I would again emphasize that the sentence imposed by Judge MacDonnell was well within the range heretofore deemed acceptable for this particular offence.  He is not to be faulted in any way.  I have recommended a substantial increase in the sentence because I am now convinced that the sentences for drinking and driving offences, particularly those resulting in loss of life, must, as a matter of policy, be substantially increased for the greater protection of the public through the element of general deterrence."

 

The appellant is 34 years old and although he denied it, obviously has a major problem with alcohol which is evident from his driving record and criminal record which has been set out in the respondent's factum as follows:

Motor Vehicle Driving Record

July 25, 1980                                        Speeding 96(1) MVA

Oct. 27, 1980                                       Red light violation 87(2) MVA

Nov. 6, 1980                                         Drive left single line 105(2) MVA

Nov. 6, 1980                                         Insufficient equipment 234(2) MVA

Dec. 5, 1980                                         Speeding 96(2) MVA

Nov. 29, 1982                                     Driving while license susp. 258(2) MVA

June 20, 1983                                      Driving while license susp. 258(2) MVA

Feb. 5, 1990                                          Speeding 94(1)

March 14, 1990                                 Careless and imprudent driving 90(2)                                                  

Jan. 22, 1991                                        Fail to comply with red light 93(2)                                                            

 

Criminal Code Record

May 11, 1976                                              Poss of Narcotic 3(1) NCA                                                                                             $300

March 28, 1978                                          BE & Theft 306(1)(b)                                                                                                       15 days, prob 1 yr

Aug. 9, 1978                                                 Mischief 387(4)                                                                                                                 3 mos prob, 100 hrs CSW,                                                                                                                                                                                                                                                                                                                                         

restitution

March 21, 1979                                          Mischief 387(3)                                                                                                                 $300

April 18, 1979                                              Breach Probation 666(1)                                                                                                $100

July, 1980                                                      Resist Arrest 118                                                                                                               $50

Nov. 5, 1980                                                Cause disturbance 171(1)(c)                                                                                         $50

Nov. 25, 1980                                              Refusal 235(2)                                                                                                                   $

May 25, 1981                                              Refusal 235(2)                                                                                                                  
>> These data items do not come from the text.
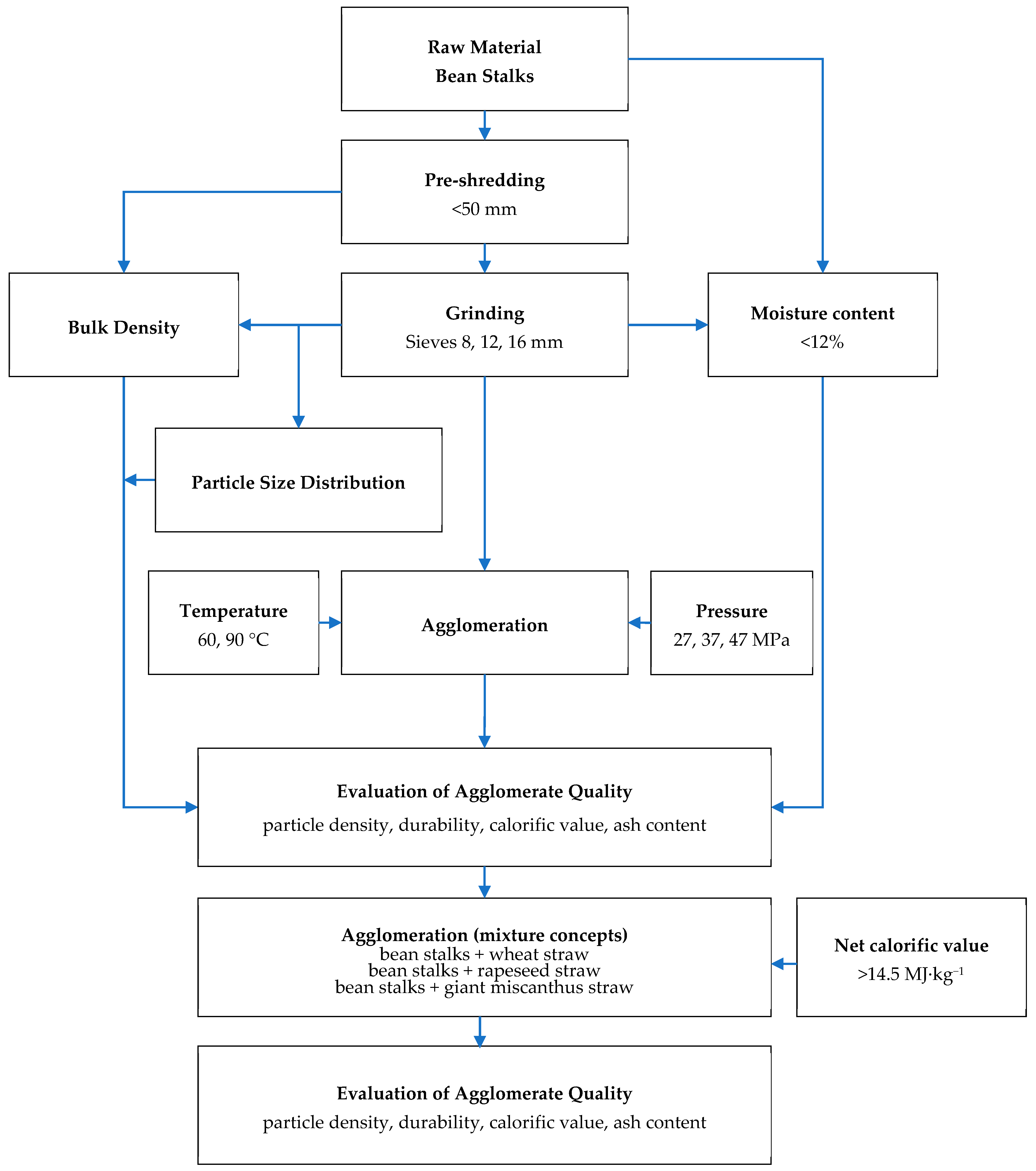 There is a growing interest in the production of biofuels in the form of briquettes and pellets from various types of plant production waste. The most widely studied raw material in this context is cereal straw [16,17,18]. In addition, in line with efforts to reduce waste, lower CO2 emissions, and promote the circular economy, research has been undertaken to explore the feasibility of utilizing other types of plant-based residues. These include, among others, vine prunings [19], vegetable waste [20], coconut shells [21], sugarcane leaves [22], and bean stalks [23].
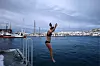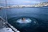 Siv Gyda åpner døra mot kulda, og hopper ut i det iskalde havet.
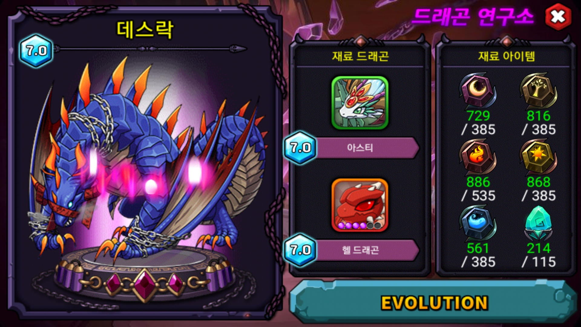 아스티는 잘 크던데 헬 드래곤이 진짜 헬이었죠...ㅠㅠㅠ
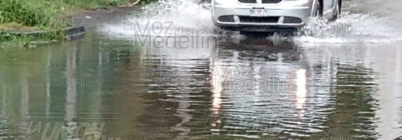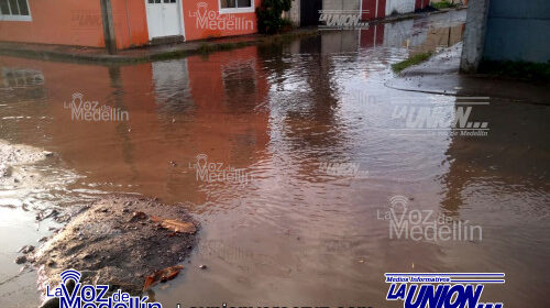 Lluvia deja laguna frente a escuela Miguel Hidalgo, en El Tejar.
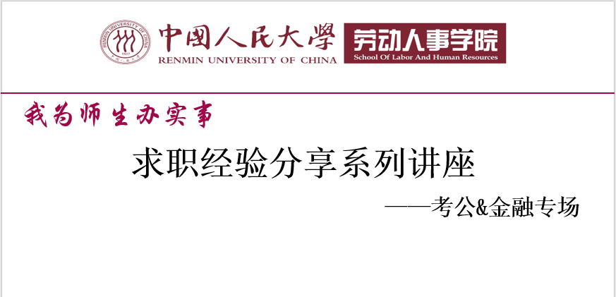 4月23日上午,第二场求职经验分享讲座——“考公&金融专场”也如期线上举行。此次讲座邀请了4位人大校友担任分享嘉宾,他们分别从公务员备考、工作经历分享、金融求职等方面分享了相关经验。
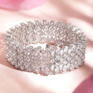 This classic bracelet features meticulously set round zirconia stones, exuding understated elegance and grace. The rhodium-plated finish not only enhances the brilliance of the stones but also ensures durability. Elevate your wrist with the classic charm of this demi-fine tennis bracelet, perfect for any occasion where you want to radiate timeless beauty. Material & Care Dimension : Free Size Material: Brass Net Weight: 30 Gram Net Quantity: 1 Bracelet Care Label: It is advisable to avoid contact with water and organic chemicals i.e. perfume sprays. Store jewellery in airtight box. After use, wipe the jewellery with soft cotton cloth.
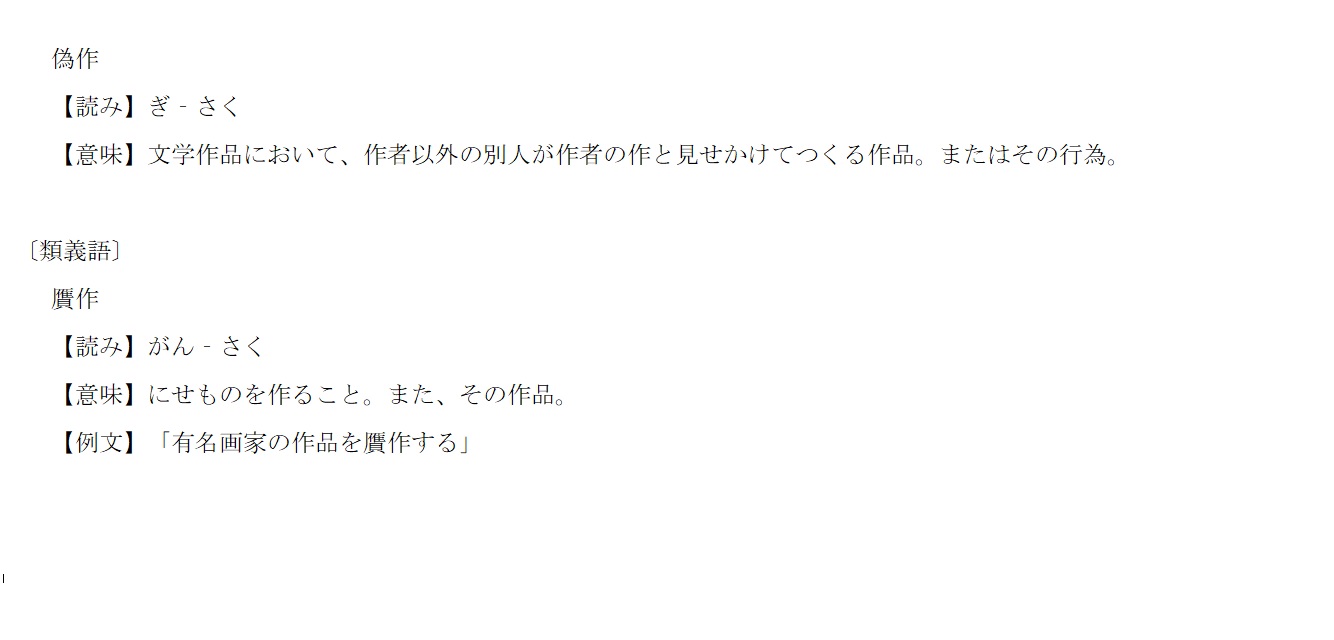 贋作 | ぎさく ≒ がんさく | 解説 |
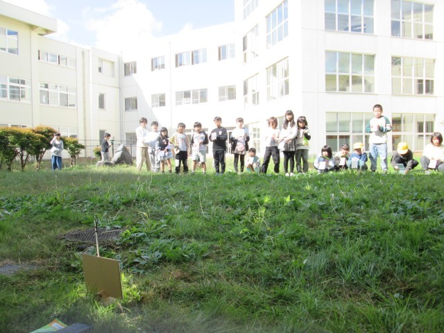 鏡で跳ね返した日光は温かいか、実験をして調べました。小さな的に光を当て続けるのはなかなか難しかったようですが、みんなの鏡で光を当てると3分間で3℃も温度が上がりました。
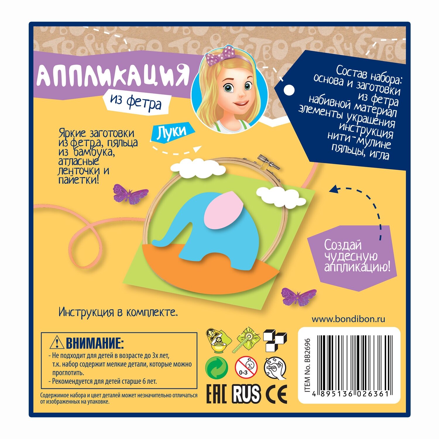 Набор "Аппликация из фетра. Слоник на прогулке" (ВВ2696); BONDIBON, 2018
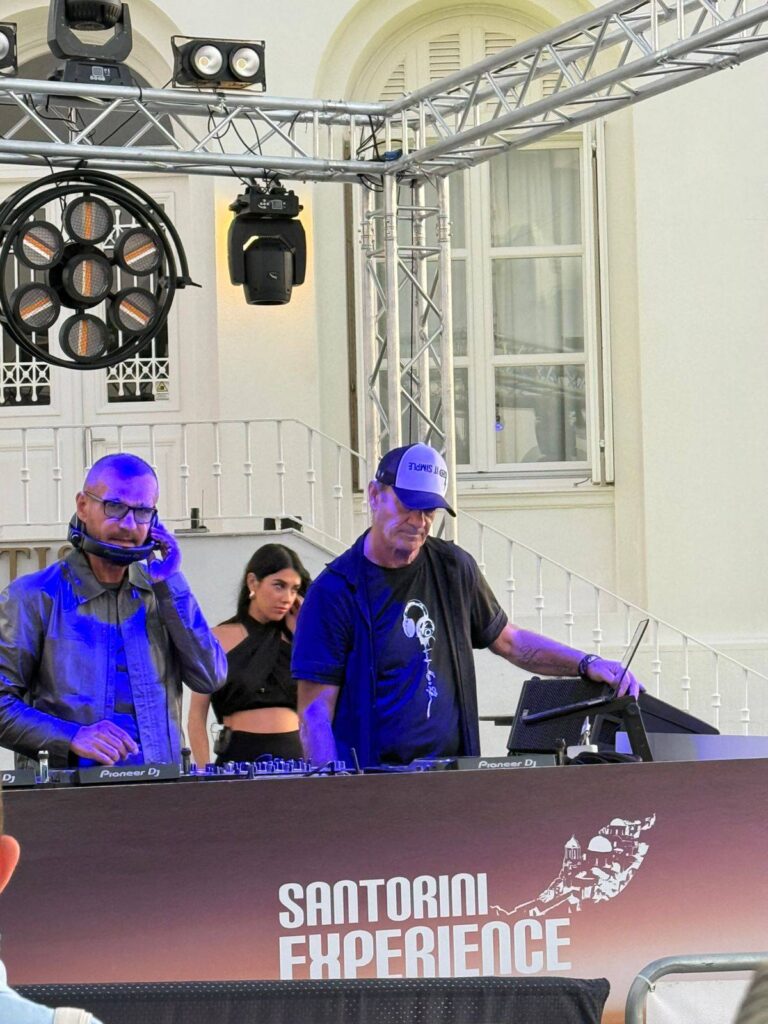 Για πρώτη φορά στην Καλντέρα του νησιού, ο διεθνώς καταξιωμένος dj Βασίλης Τσιλιχρήστος «μάγεψε» με την ενέργεια και τη μουσική του, συνοδευόμενος από το εντυπωσιακό live performance της Angela ‘S’. Το event πραγματοποιήθηκε έξω από τον Μητροπολιτικό Ναό στα Φηρά, την πιο μαγευτική ώρα του νησιού “The golden hour of Santorini’s sunset”. Η είσοδος ήταν ελεύθερη, προσφέροντας σε ντόπιους και επισκέπτες μια αξέχαστη εμπειρία.
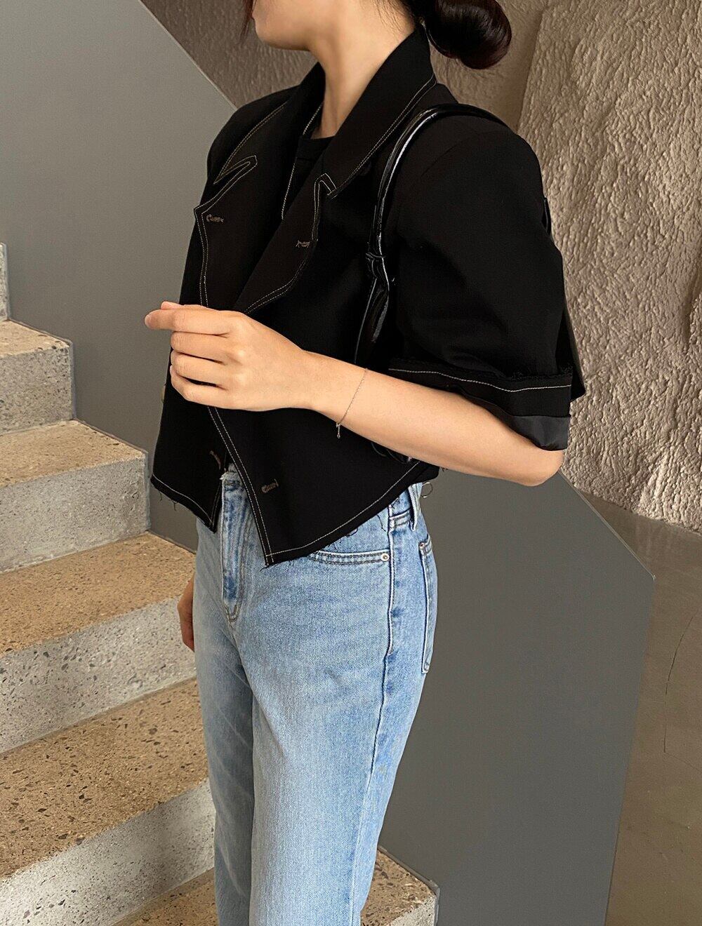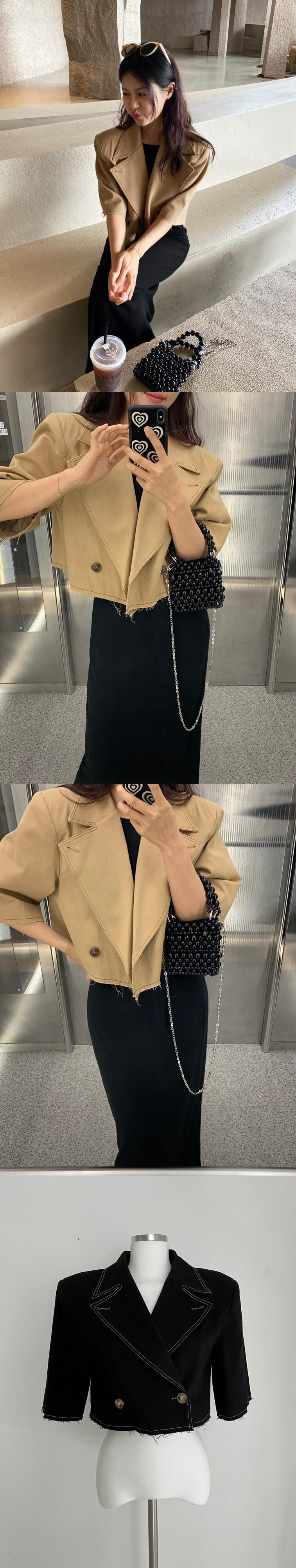 [EWQ] ショルダーパッドバリショートブレザーコートブライトライン装飾ダブルブレストスーツジャケット夏潮 サマー 夏物
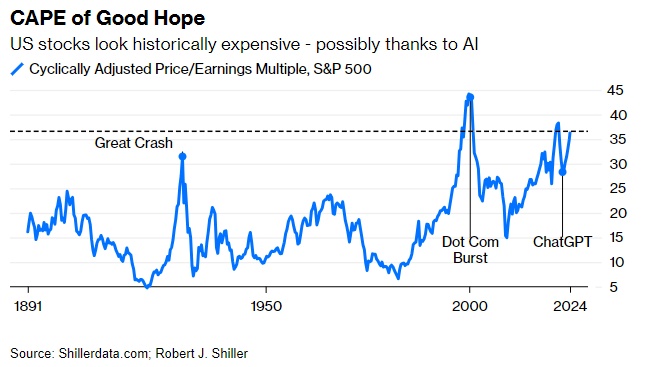 随着盈利能力和生产率的增长,CAPE会随着时间的推移而上升。但令人不安的是,标普指数比1929年大崩盘前夕还要贵,比2000年初互联网泡沫破裂时便宜不了多少。或许更重要的是,CAPE在过去创下高峰后,将在几年内急剧下降。这一次并非如此,CAPE在2021年疫情后的繁荣时期达到峰值,但在2022年底反弹。不管是否巧合,这次反弹恰好与ChatGPT的推出时间一致。人工智能热潮似乎在保持市场高位方面发挥关键作用。
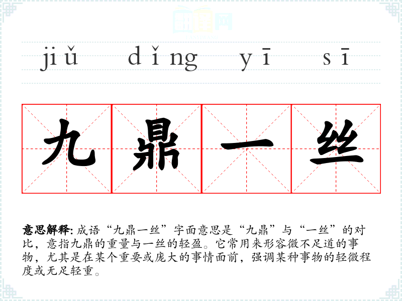 “九鼎”源自古代**的九鼎,鼎是一种重要的礼器,象征权力和地位,九鼎在古代被视为极其重要的象征。而“一丝”则表示微小的事物。这个成语的具体来源并不明确,但其概念可以追溯到对比和夸张的文学表现形式,反映了古人对事物轻重的看法。
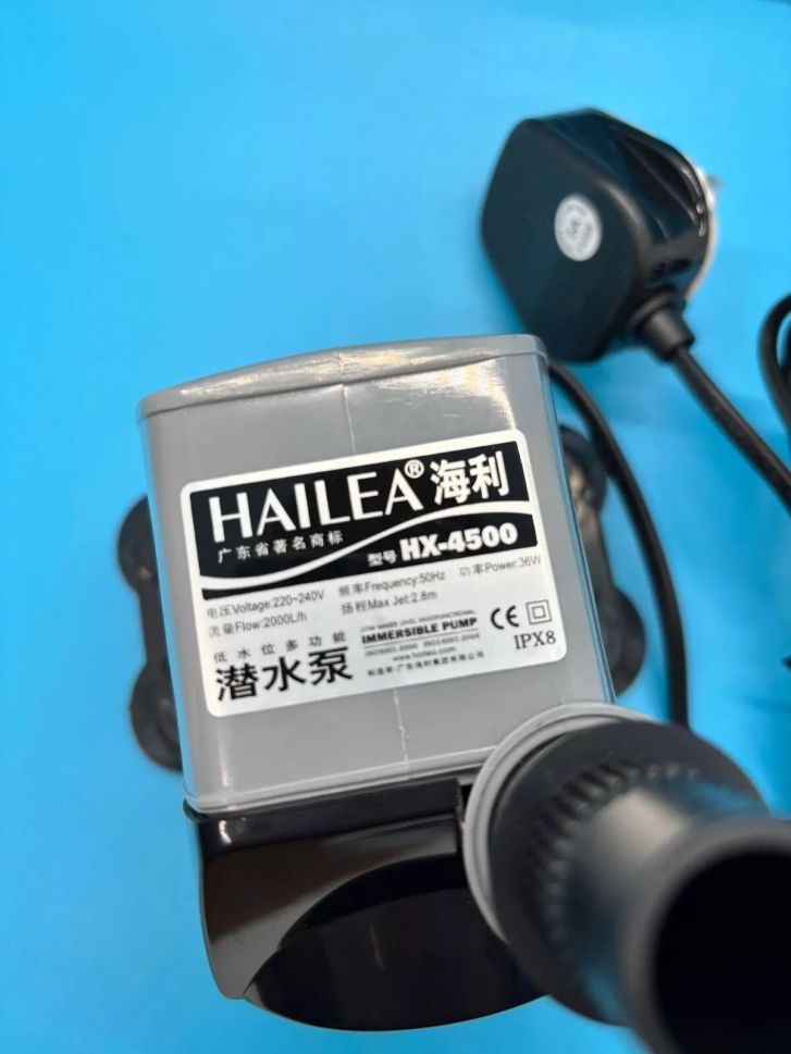 Компактна и ефективна потопяема помпа Hailea HX-4500 с дебит до 2 000 л/ч и напор до 2,8 м — подходяща за езера, фонтани, системи за хранене и циркулация. Включва смесител за аериране на разтвора създадена за продължителна употреба работи добре с ниско ниво на водата в резервоара вграден регулатор на дебита приложима е за NFT и Flood-and-Drain вендузи за сигурно закрепяне в резервоара

July 2, 1981                                                  Poss Narcotic 3(2)(a) NCA                                                                                             $100

Oct 21, 1981                                                Poss Narcotic 3(1) NCA                                                                                                  $500

Jan. 19, 1982                                                Trafficking Restricted Drug 42(1) FDA                                                                      2 mos

Feb. 4, 1982                                                 Poss for Purpose 4(2) NCA                                                                                            4 mos consec

June 3, 1983                                                 Refusal 235(2)                                                                                                                   $500

Oct. 6, 1986                                                  Breathalyzer over 80 (Nfld) 236(1)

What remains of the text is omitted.